# Task to carry out
After finding the line containing "A charcoal metal" below, please output that line and each following one through the line containing "This ceramic dog", exactly as written.

# Data items
⁂

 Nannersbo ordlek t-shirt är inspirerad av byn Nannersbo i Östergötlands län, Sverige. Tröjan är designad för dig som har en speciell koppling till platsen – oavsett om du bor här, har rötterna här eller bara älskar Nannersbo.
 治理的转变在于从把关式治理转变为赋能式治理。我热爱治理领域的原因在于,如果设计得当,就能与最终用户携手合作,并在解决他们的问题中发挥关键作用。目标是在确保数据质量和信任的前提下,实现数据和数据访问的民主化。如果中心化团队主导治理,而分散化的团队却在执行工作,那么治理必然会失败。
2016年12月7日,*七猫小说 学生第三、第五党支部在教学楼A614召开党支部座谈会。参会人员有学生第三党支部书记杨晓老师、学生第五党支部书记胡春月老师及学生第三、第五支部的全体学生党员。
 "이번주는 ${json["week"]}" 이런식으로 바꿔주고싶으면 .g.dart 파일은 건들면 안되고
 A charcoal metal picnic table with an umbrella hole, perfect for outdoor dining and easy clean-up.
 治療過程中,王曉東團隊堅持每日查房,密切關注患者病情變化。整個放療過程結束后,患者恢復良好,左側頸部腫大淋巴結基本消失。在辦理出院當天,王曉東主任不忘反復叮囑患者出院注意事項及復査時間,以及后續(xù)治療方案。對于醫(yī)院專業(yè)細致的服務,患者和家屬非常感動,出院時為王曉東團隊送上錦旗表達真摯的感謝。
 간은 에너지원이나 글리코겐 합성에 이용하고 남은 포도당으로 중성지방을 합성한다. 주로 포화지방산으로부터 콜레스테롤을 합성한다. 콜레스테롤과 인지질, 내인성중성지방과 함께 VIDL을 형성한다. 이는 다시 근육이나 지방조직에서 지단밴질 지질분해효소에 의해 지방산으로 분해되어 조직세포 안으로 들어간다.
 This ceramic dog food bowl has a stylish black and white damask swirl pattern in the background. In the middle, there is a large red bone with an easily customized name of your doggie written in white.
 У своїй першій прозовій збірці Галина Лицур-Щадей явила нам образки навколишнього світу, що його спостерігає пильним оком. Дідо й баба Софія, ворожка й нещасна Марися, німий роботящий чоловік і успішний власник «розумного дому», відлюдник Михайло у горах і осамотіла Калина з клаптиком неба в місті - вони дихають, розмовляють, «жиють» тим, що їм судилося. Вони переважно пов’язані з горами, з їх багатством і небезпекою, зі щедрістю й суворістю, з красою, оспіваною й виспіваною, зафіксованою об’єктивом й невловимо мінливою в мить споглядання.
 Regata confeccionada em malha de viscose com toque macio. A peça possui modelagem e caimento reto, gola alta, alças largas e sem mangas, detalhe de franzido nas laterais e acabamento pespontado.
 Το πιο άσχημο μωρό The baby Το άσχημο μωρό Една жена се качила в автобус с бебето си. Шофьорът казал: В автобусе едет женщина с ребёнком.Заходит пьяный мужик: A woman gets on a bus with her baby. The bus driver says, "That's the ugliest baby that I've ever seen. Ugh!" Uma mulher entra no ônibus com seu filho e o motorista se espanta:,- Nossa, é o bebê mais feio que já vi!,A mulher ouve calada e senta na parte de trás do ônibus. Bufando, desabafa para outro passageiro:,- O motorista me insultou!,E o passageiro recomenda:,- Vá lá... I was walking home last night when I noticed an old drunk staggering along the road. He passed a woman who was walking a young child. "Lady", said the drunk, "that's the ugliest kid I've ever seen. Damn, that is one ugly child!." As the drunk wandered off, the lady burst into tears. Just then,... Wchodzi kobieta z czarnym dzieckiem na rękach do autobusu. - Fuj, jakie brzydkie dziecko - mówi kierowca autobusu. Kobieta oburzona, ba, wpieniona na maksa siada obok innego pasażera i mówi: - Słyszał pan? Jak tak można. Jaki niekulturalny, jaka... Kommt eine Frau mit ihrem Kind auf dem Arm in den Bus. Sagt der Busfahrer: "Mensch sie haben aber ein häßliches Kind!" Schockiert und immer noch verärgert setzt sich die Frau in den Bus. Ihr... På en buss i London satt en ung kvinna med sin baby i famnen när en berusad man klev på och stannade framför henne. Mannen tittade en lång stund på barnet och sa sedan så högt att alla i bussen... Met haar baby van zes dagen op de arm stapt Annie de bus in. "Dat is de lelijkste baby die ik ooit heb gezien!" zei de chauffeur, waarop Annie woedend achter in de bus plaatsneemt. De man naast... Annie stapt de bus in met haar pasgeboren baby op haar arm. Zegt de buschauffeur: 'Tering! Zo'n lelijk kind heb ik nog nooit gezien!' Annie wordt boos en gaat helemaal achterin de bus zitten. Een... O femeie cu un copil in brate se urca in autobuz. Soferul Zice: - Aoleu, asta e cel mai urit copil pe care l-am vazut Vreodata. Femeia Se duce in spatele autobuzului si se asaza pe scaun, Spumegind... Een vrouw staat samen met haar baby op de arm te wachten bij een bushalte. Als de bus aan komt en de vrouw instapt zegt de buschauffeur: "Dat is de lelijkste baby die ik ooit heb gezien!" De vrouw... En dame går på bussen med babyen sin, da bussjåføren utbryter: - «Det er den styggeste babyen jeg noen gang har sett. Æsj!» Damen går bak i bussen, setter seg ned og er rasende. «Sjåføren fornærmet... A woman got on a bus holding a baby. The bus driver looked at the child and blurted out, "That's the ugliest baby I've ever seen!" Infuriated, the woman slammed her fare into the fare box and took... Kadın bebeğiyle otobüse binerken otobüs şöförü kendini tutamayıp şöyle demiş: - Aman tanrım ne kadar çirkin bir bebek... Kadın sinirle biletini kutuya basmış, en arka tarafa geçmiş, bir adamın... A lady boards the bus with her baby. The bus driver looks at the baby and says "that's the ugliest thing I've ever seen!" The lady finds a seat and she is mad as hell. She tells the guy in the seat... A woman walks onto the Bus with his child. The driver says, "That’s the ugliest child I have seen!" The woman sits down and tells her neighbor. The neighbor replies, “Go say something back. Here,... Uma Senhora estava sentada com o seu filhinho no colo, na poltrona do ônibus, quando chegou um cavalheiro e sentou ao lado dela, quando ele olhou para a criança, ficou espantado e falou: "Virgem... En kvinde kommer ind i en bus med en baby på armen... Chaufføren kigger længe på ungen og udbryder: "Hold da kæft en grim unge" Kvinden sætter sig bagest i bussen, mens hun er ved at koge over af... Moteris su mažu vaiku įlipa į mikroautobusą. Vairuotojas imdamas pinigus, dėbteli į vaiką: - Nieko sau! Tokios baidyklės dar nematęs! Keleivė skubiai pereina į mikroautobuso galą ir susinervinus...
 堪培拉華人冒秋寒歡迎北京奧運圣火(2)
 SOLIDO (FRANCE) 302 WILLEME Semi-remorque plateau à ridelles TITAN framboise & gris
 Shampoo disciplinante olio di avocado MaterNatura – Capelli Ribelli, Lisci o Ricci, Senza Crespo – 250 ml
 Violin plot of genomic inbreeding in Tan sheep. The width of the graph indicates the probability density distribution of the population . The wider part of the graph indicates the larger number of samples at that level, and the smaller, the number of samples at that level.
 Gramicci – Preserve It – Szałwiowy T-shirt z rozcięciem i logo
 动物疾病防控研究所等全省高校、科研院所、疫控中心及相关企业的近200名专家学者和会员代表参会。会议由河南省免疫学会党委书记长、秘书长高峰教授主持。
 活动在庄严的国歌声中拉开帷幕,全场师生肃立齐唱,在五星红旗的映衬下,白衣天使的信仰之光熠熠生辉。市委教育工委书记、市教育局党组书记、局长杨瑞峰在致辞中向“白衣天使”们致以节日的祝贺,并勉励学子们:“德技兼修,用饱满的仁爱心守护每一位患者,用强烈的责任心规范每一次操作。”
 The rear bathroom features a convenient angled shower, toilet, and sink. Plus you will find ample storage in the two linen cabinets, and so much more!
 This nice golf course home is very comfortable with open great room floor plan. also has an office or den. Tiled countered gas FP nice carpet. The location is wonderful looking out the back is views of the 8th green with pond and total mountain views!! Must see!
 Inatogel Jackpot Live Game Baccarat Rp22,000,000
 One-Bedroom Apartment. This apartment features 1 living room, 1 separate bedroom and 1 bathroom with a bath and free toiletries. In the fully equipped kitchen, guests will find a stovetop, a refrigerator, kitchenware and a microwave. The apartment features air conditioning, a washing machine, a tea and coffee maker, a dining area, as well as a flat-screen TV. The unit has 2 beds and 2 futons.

⁂

# Exercise result
 A charcoal metal picnic table with an umbrella hole, perfect for outdoor dining and easy clean-up.
 治療過程中,王曉東團隊堅持每日查房,密切關注患者病情變化。整個放療過程結束后,患者恢復良好,左側頸部腫大淋巴結基本消失。在辦理出院當天,王曉東主任不忘反復叮囑患者出院注意事項及復査時間,以及后續(xù)治療方案。對于醫(yī)院專業(yè)細致的服務,患者和家屬非常感動,出院時為王曉東團隊送上錦旗表達真摯的感謝。
 간은 에너지원이나 글리코겐 합성에 이용하고 남은 포도당으로 중성지방을 합성한다. 주로 포화지방산으로부터 콜레스테롤을 합성한다. 콜레스테롤과 인지질, 내인성중성지방과 함께 VIDL을 형성한다. 이는 다시 근육이나 지방조직에서 지단밴질 지질분해효소에 의해 지방산으로 분해되어 조직세포 안으로 들어간다.
 This ceramic dog food bowl has a stylish black and white damask swirl pattern in the background. In the middle, there is a large red bone with an easily customized name of your doggie written in white.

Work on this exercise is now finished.